题解 求和
保分题又爆零了,数不清第几次了
以后保分题无论如何要跑对拍! 三道题辛辛苦苦骗来的分抵不住一道傻逼题爆零
树上lca,求就好了,就是细节有点多
2021/06/23 upd: 被洛谷上hack数据卡掉了……原来是倍增2的次幂开小了
不过发现求树上路径长的公式可以优化一下,若\(a\), \(b\)的lca为\(t\),则有
\[ans = ((sum[dep[a]-1]-sum[dep[t]-1]+sum[dep[b]-1]-sum[max(dep[t]-2, 0)])\%mod+mod)\%mod
\]
Code:
#include <bits/stdc++.h>
using namespace std;
#define INF 0x3f3f3f3f
#define N 300010
#define ll long long
#define ld long double
#define usd unsigned
#define ull unsigned long long
//#define int long long
#define max(a, b) ((a)>(b)?(a):(b))
#define getchar() (p1==p2&&(p2=(p1=buf)+fread(buf, 1, 1<<21, stdin)), p1==p2?EOF:*p1++)

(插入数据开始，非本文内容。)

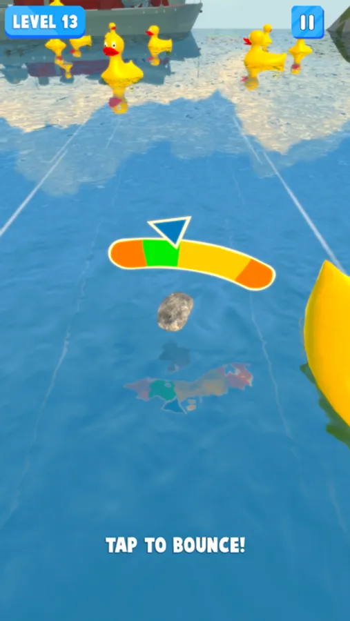 Ever wanted to be on a shore and skip that perfectly flat stone ? Do you remember your first throw? Your first bounce? Its time to relive those memories. Aim your throw, make a curve around obstacles and throw the rock. Make it bounce on the right time and reach as far as you can!
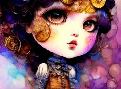 An artistic illustration of a girl with large eyes, colorful swirls, and flowers adorning her hair, exuding a whimsical, fantasy-like aura.

char buf[1<<21], *p1=buf, *p2=buf;
inline int read() {
int ans=0, f=1; char c=getchar();
while (!isdigit(c)) {if (c=='-') f=-f; c=getchar();}
while (isdigit(c)) {ans=(ans<<3)+(ans<<1)+(c^48); c=getchar();}
return ans*f;
}
int n, m;
int head[N], size, dep[N], fa[N][22], lg[N], mdep;
ll sum[53][N];
const ll mod=998244353;
bool vis[55];
struct edge{int to, next;}; edge* e;
inline void add(int s, int t) {edge *k=&e[++size]; k->to=t; k->next=head[s]; head[s]=size;}
ll qpow(ll a, ll b) {
ll ans=1;
while (b) {
if (b&1) ans=ans*a%mod;
a=a*a%mod; b>>=1;
}
return ans;
}
void dfs(int u, int pa) {
//cout<<"dfs "<<u<<endl;
for (int i=1; i<=19; ++i)
if (dep[u]>=(1<<i)) fa[u][i] = fa[fa[u][i-1]][i-1];
else break;
for (int i=head[u],v; i; i=e[i].next) {
v = e[i].to;
if (v!=pa) dep[v]=dep[u]+1, fa[v][0]=u, dfs(v, u), mdep=max(mdep, dep[v]);
}
}
int lca(int a, int b) {
if (dep[a]<dep[b]) swap(a, b);
while (dep[a]>dep[b]) a=fa[a][lg[dep[a]-dep[b]]-1];
if (a==b) return a;
for (int i=lg[dep[a]]-1; i>=0; --i)
if (fa[a][i]!=fa[b][i])
a=fa[a][i], b=fa[b][i];
return fa[a][0];
}
signed main()
{
#ifdef DEBUG
freopen("1.in", "r", stdin);
#endif
int a, b, k, t;
n=read();
e = new edge[n*2+10];
for (int i=1,u,v; i<n; ++i) {u=read(); v=read(); add(u, v); add(v, u);}
for (int i=1; i<=n; ++i) lg[i]=lg[i-1]+(1<<lg[i-1]==i);
dep[1]=1;
dfs(1, 0);
m=read();
for (int i=1; i<=m; ++i) {
a=read(); b=read(); k=read();
//cout<<"ab: "<<a<<' '<<b<<endl;
t=lca(a, b);
//cout<<"t: "<<t<<endl;
if (!vis[k]) {
sum[k][1]=1;
for (int i=2; i<=mdep; ++i) sum[k][i]=(sum[k][i-1]+qpow(i, k))%mod;
vis[k]=1;
}
printf("%lld\n", ((sum[k][dep[a]-1]-sum[k][dep[t]-1]+sum[k][dep[b]-1]-sum[k][max(dep[t]-2, 0)])%mod+mod)%mod);
}
return 0;
}